First you need to clean-up the file to export it in a proper CSV format. The data contains the unit (To) in each cells. So you don't really need it as you need a numerical value as input and not a string. Here is an approach to automatically convert the exported "messy CSV" for each active sheet (one per year) with ";" as separator:
sed -e "s/To//g" dechet2012.csv | sed -e "s/\,//g" | sed -e "s/;/,/g" | sed -e "s/\"//g" >clean-dechet2012.csv
The conversion process is the following. First we must get rid of the units (To) in all the cells then we must remove the comma used for the representation of large units then we replace the default separator ";" with a "," and finally we remove the string escaping as we treat all the values as numerical except the first column as this is the name of the commune. We add a first line with the label of the column.
Final data looks like this:
Commune,Verres Commune,Papier-carton (porte), Dechet commune melange, Fraction seche (porte),Matiere organique (porte),encombrants (porte),baches agricoles,Parcs conteneurs ARLON,706.84 ,805.82 ,0.00 ,3307.66 ,1207.04 ,379.88 ,21.76 ,10954.69 ATTERT,74.95 ,41.64 ,0.00 ,455.86 ,149.48 ,5.86 ,21.30 ,3098.84 AUBANGE,328.70 ,121.54 ,168.68 ,1814.24 ,1329.66 ,7.36 ,12.66 ,6303.18 BASTOGNE,406.06 ,178.52 ,5.24 ,2369.96 ,592.50 ,101.70 ,104.56 ,8330.01 BERTOGNE,37.37 ,39.30 ,0.00 ,220.72 ,108.66 ,3.92 ,49.44 ,1271.37 BERTRIX,153.79 ,80.36 ,83.82 ,999.60 ,629.12 ,11.78 ,40.96 ,3573.76 BOUILLON,215.52 ,138.24 ,172.26 ,742.04 ,256.00 ,86.70 ,23.26 ,2459.41 CHINY,93.37 ,72.78 ,0.00 ,632.16 ,142.04 ,62.10 ,16.98 ,2545.57
With the provincial waste data, you can show the current repartition of waster per commune.
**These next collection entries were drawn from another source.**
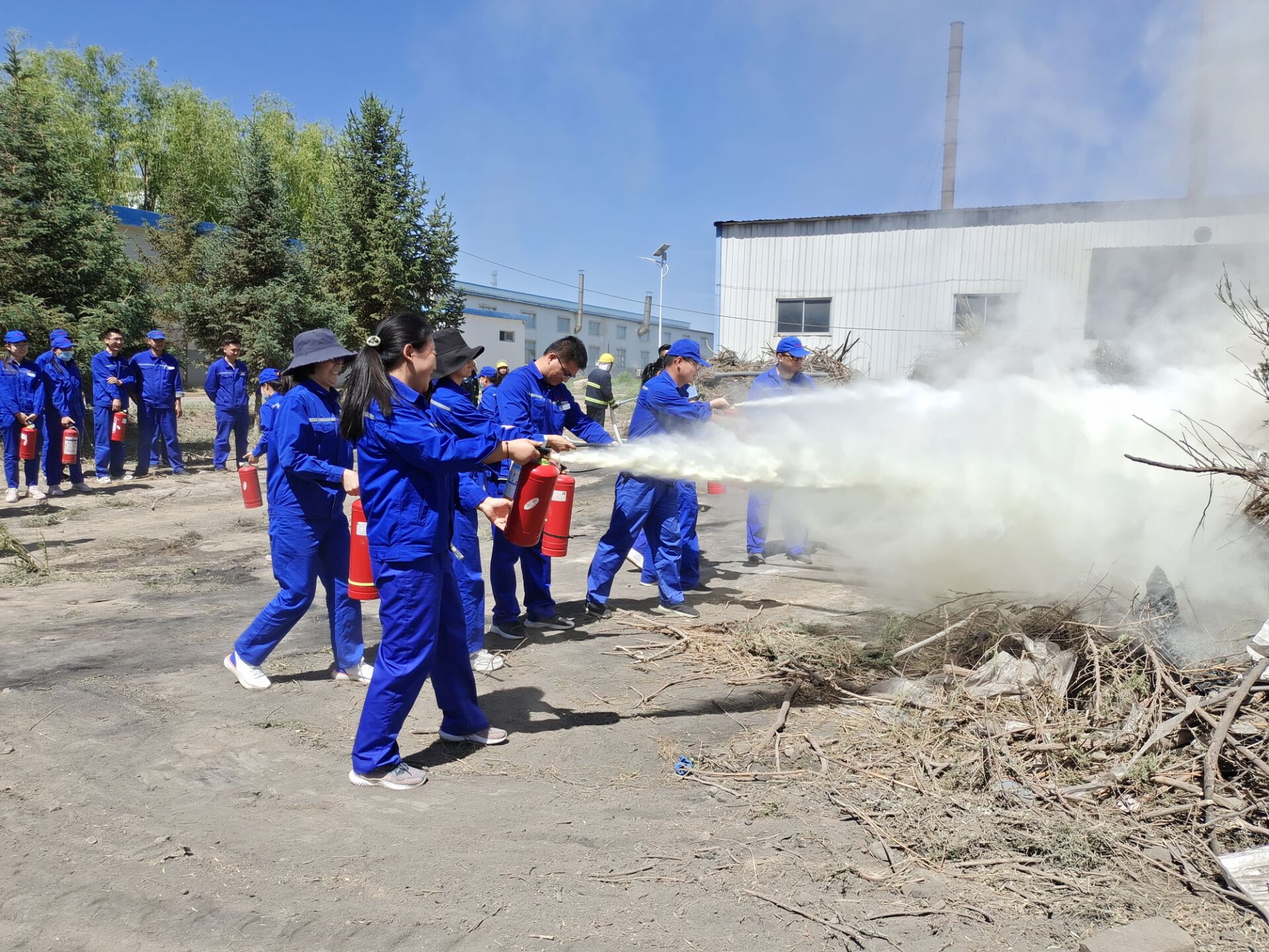 為增強(qiáng)安全消防員實(shí)戰(zhàn)本領(lǐng),培訓(xùn)結(jié)束后,參加培訓(xùn)的人員在后廠區(qū)空曠地帶舉行了滅火演練。在直觀、真實(shí)的火場(chǎng)環(huán)境中,演練人員嚴(yán)肅認(rèn)真、服從指揮,使用滅火器115具,消防水帶6條,嚴(yán)格按照教官培訓(xùn)的滅火器操作步驟和使用方法進(jìn)行實(shí)操滅火。
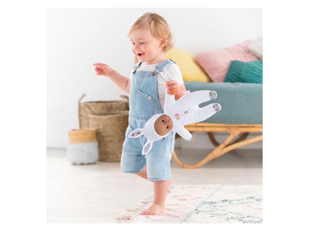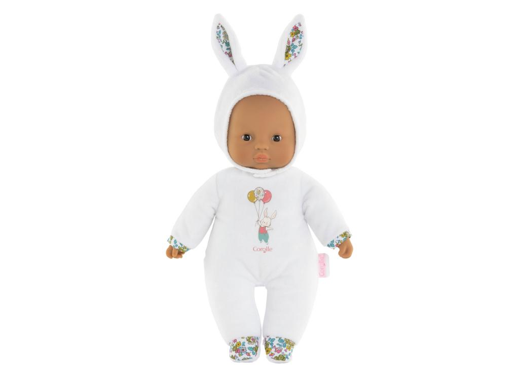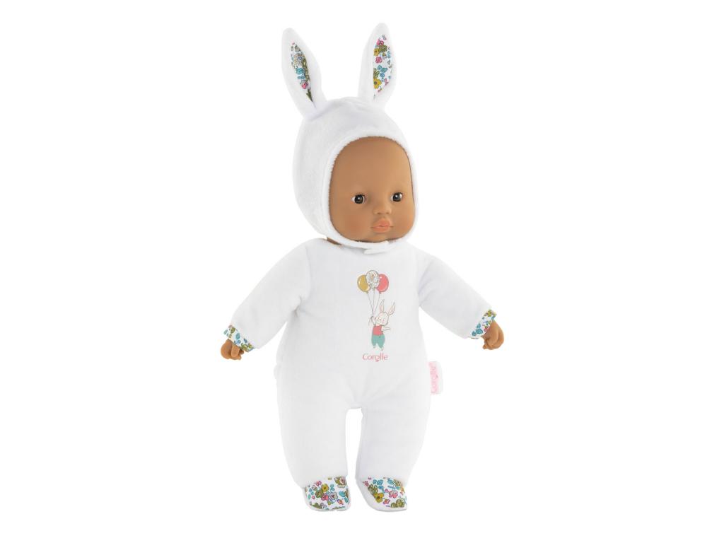 Puha, fehér ruhával, nyuszifülekkel, vinil arcocskával és kezekkel ellátott ölelgetős baba a Corolle-tól. A baba a jellegzetes Corolle vanília illattal és név/telefonszám felirattal rendelkezik. Alkalmas 9 hónapos és idősebb gyermekek számára.
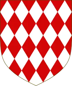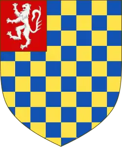 Escutcheon: Chequy Or and Azure on a canton Gules a lion rampant Argent. |
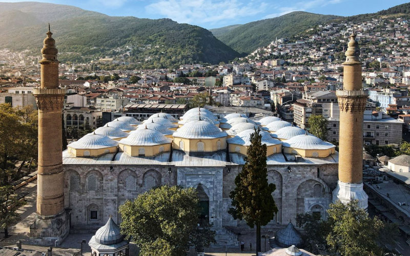 La Grande Mosquée (Ulu Cami), le marché de la soie (Koza Han), la Mosquée verte et le Mausolée vert, le quartier ottoman « Yeşil », et les mausolées d’Osman Bey et Orhan.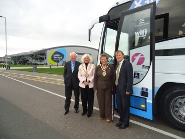 X30 Aircoach Lifts Off 16th October 2012 The new X30 Aircoach took off on Monday, with a helping hand from David Amess MP, Sally Carr, Mayor of Southend, Councillor Derek Jarvis, and Joan Mockford... Local News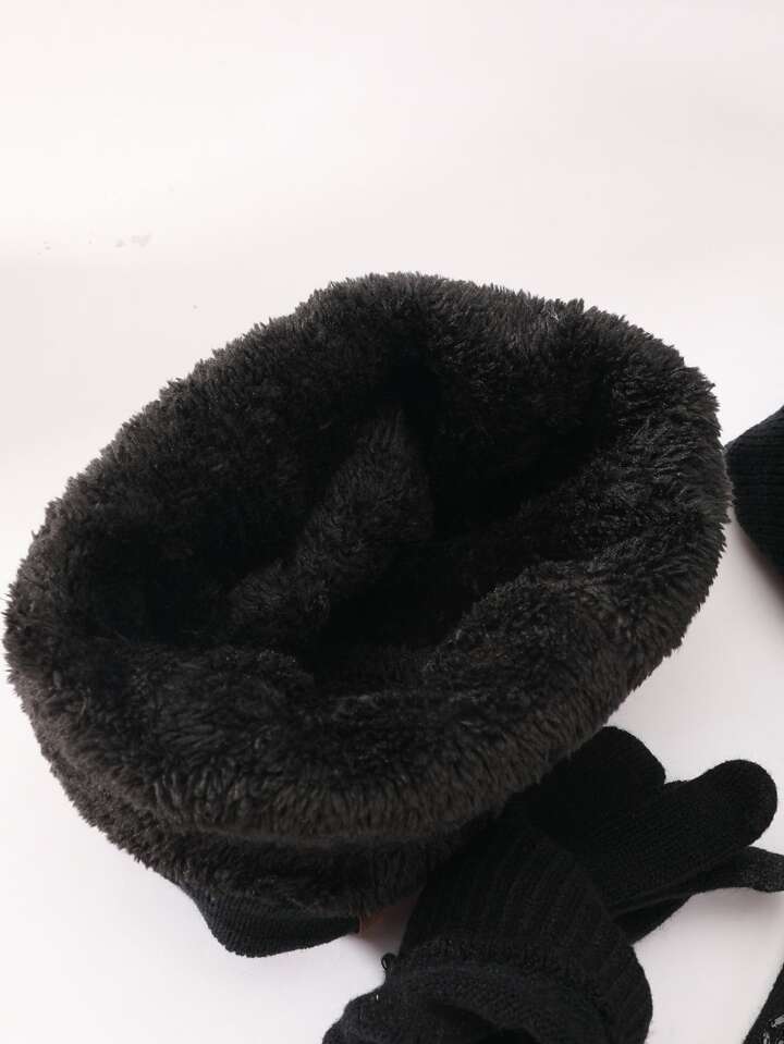 Solid Plush Lined Beanie & Gloves & Infinity Scarf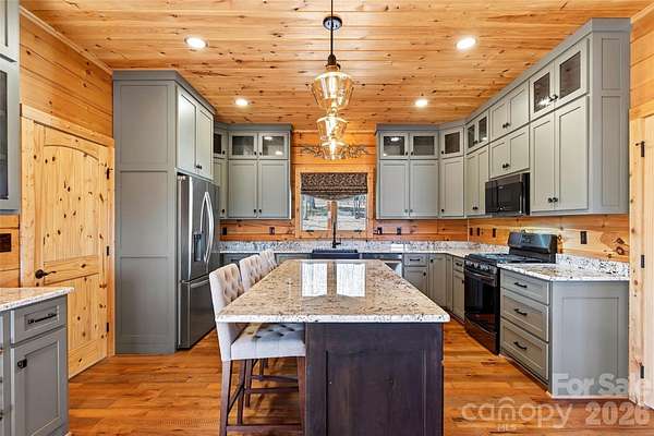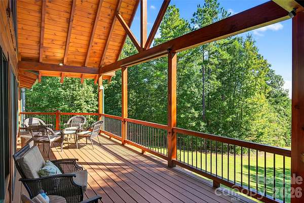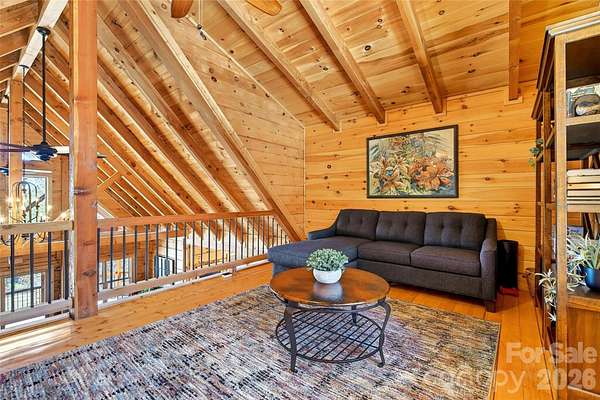 Welcome to your own private mountain retreat, where over ten sprawling acres of natural beauty meet thoughtful craftsmanship and modern convenience. This stunning 4,042 square foot home offers three bedrooms and three and a half bathrooms, all nestled beside a serene community lake with dock access just mere steps from your wrap-around porch. The quality of construction here is immediately evident. If the front door alone doesn't convince you of the workmanship crafted through the home then there are other features that would support that fact. From the front entry your eye is drawn immediately to the Close range Mountain Views of the Southern exposure side. Then the gorgeous custom kitchen and open dining space blends warm rustic charm with modern functionality creating an inviting and highly livable space. Natural wood walls and hardwood flooring throughout ties the entire room together with a cohesive earthy feel. The custom painted cabinetry offers a sophisticated contrast to the wood tones, extending to the ceiling for ample storage and a clean, built-in look. A wood-burning fireplace anchors the living room, while propane powers the stove, oven, and water heater. A full-house generator with shed load ensures you never skip a beat during storms, and a whole-home water filtration system delivers pure refreshment from every tap. The oversized 36-by-28 garage is a dream, featuring a generous storage loft with walk-up stairs measuring 16 by 36 feet - because you can never have too much storage! An already-sectioned parking spot accommodates your recreational vehicle, making weekend adventures effortlessly convenient. Step outside and discover several walking paths the seller has created throughout the ten-acre parcel, perfect for exploring by utility vehicle or on foot. The fire pit overlooks a lovely backyard where privacy and peacefulness reign supreme. With only three lots on this quiet road - all included in this property - your nearest neighbors are the birds. Downstairs, a roughed-in wet bar awaits your finishing touches in the basement, promising endless entertaining potential. This is more than a home - it is a lifestyle. Schedule your private tour today and experience mountain living at its finest.

You can also compare by commune but you will need the number of citizen per commune in order to have comparable dataset.
For comparing the repartition of waste collection, I wanted to show all communes into something comparable. I based my output on the following example from D3 http://bl.ocks.org/mbostock/3888852.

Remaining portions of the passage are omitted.